MLIR

Multi-Level IR Compiler Framework

-lower-quant-ops 

Lower quant.dcast and quant.qcast ops

Lower quantization (quant.qcast) and dequantization (quant.dcast) ops into other core dialects.

The lowering process generates storage type casts in the form of quant.scast ops to act as an interface between the original quantized types of operands and results and their corresponding storage types used in the generated arithmetic computations.

-normalize-quant-types 

Normalize generic quantized types to specific quantized types

This pass converts generic quantized types in the quant dialect to more specific types when possible.

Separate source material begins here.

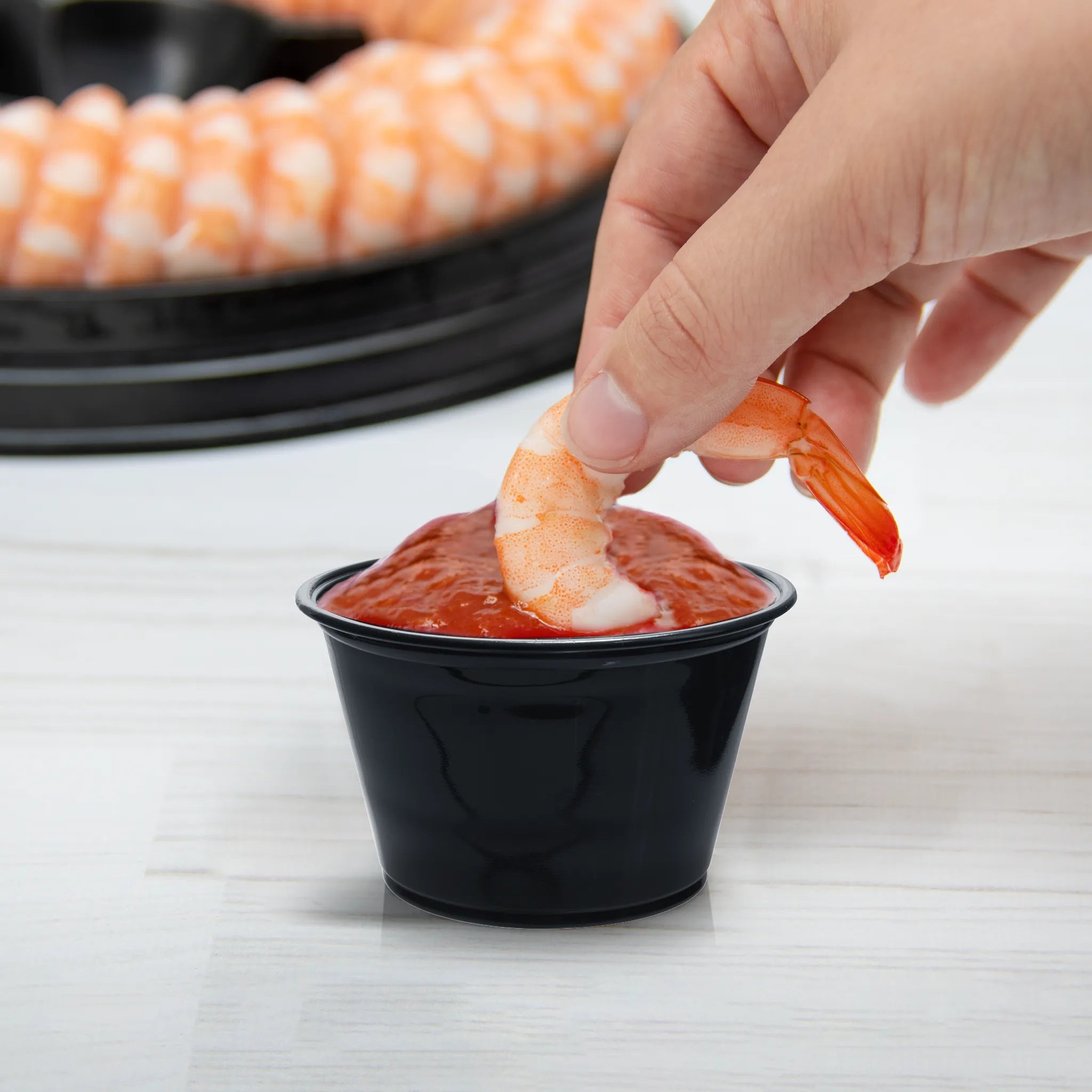 The Dart Container - Conex Compliments Translucent 4 Oz Black Plastic Portion Cups, available in a case of 2500 (400PCBLK), are versatile and reliable food service containers designed by the reputable brand DART. These portion cups are an essential solution for various applications, offering a capacity of 4 ounce. Constructed from durable polypropylene material, these cups are designed to be medium-weight, striking a balance between sturdiness and flexibility. The clear color of the cups provides excellent visibility, allowing for easy identification of contents, which is particularly beneficial in food service environments. The cups are uncoated and unlined, ensuring that the original taste and quality of the contents remain uncompromised.

The following conversions are performed:

  1. Sub-channel to per-axis: If the shape of the scales tensor of sub-channel quantized type has all but one non-one value, it is converted to a per-axis quantized type.

    For example:

    • !quant.uniform<i8:f32:{0:1}, {{2.0}, {3.0}}> -> !quant.uniform<i8:f32:0, {2.0, 3.0}>
    • tensor<?x?x!quant.uniform<i8:f32:{0:1,1:4}, {{2.0}, {3.0}}>> -> tensor<?x?x!quant.uniform<i8:f32:0, {2.0, 3.0}>>
  2. Sub-channel to per-tensor: If a sub-channel quantized type has only one scale or zero-point, it is converted to a per-tensor quantized type.

    For example:

    • !quant.uniform<i8:f32:{}, {{2.0}}> -> !quant.uniform<i8:f32, 2.0>
    • tensor<?x?x!quant.uniform<i8:f32:{0:1, 0:4}, {{2.0}}>> -> tensor<?x?x!quant.uniform<i8:f32, 2.0>>

The rationale for these conversions is that the decompositions / handling of more precise quantized types tends to be more efficient than treating everything as subchannel type.

-strip-func-quant-types 

Strip quantized types from function headers

Identify occurrences of function arguments using a quantized type and replace them with a new value of the corresponding storage (signless integer) type. For each converted argument, a quant.scast op is introduced at the head of the function’s entry block converting the new integer argument into the original quantized value.